One common way to access variables in a data.frame is with the $ operator. To use this operator,
you specify the dataset name, followed by the $ operator, followed by the specific variable name in
that dataset that you want to access. For example, to access the spine variable in the crabs dataset,
you would use:
crabs$spine
This way of accessing variables is not necessary for dplyr functions, like count() and summarize(), but is necessary for older R functions, like those introduced below. The homework guides
will let you know when you need to use the $ operator style of accessing variables for new functions.
Checking Normality
The Q–Q plot allows us to assess to what extent a sample can be well approximated by a Normal
distribution. The qqnorm() function asks R to create a Q–Q plot for a given variable. Simply provide
the dataset and variable name to qqnorm(), using the $ operator style. For example, to create a Q–Q
plot for the heart rates (pulse) in the nhanes dataset, you can run:
qqnorm(nhanes$pulse)
Since you’ll be looking to see whether the points in this graph fall in a straight line, it can be helpful
to ask R to add a straight line to the graph for comparison.

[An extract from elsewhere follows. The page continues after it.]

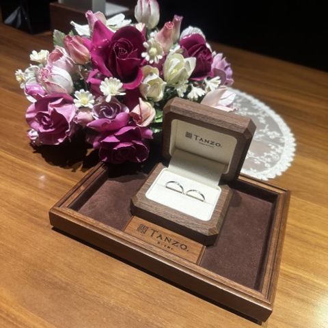 もともとデザインのイメージがありTANZOさんを選びました。お目当てのデザインは実物で見るとかなり華やかだったため別のデザインも見せていただき、その中で気に入ったものがあったため決めました。色や加工の種類など、セミオーダーの形で変えていただいてとても気に入っています。

You can do this with the qqline() function, using the same variable you gave to qqnorm(), like so:
qqline(nhanes$pulse)
Test of a Mean
When conducting a statistical test for a mean, you could compute the test statistic and p-value
manually, but R also provides a convenient function that will conduct this test for you. The function
is called t.test(). This function will actually run several different types of tests that use the t distribution, but here, we’ll only look at the usage for the one-group test we have covered in class so far.
2
To run a test of a mean with t.test(), you supply the variable with your sample data (using the
$ operator style) and the parameter for the null hypothesis as the named argument mu. For example,
to test whether the mean weight of our horseshoe crab population is 2500 grams, we could execute:
t.test(crabs$weight, mu = 2500)
This returns the following output:
One Sample t-test
data: crabs$weight
t = -1.4317, df = 172, p-value = 0.154
alternative hypothesis: true mean is not equal to 2500
95 percent confidence interval:
2350.597 2523.784
sample estimates:
mean of x
2437.191
The function tells us that the test statistic is -1.43, that the sampling distribution for this test statistic
has 172 degrees of freedom, and that the p-value for this test is .154. By default, t.test() conducts a
two-sided test. To conduct a one-sided test, you can specify which side (“less” or “greater”) in the
alternative named argument, like this:
t.test(crabs$weight, mu = 2500, alternative = “less”)
Finally, notice that t.test() also gave us a 95 percent confidence interval for the population
mean: (2350.6, 2523.8). If we want a different confidence interval, we can specify the confidence level
using the conf.level named argument. For example, for a 90 percent confidence interval:
t.test(crabs$weight, mu = 2500, conf.level = .90)
The output from this version tells us that the 90 percent confidence interval is (2364.6, 2509.7).
Scientific Notation
As you have been working with pnorm(), you may have run across some funny looking results.
For example, if you try to run the following:
pnorm(-4, 0, 1)
R will reply with 3.167124e-05. The “e” in a number is R’s way of writing scientific notation. This
number is actually 3.167124 ∙ 10!” = 0.00003167124.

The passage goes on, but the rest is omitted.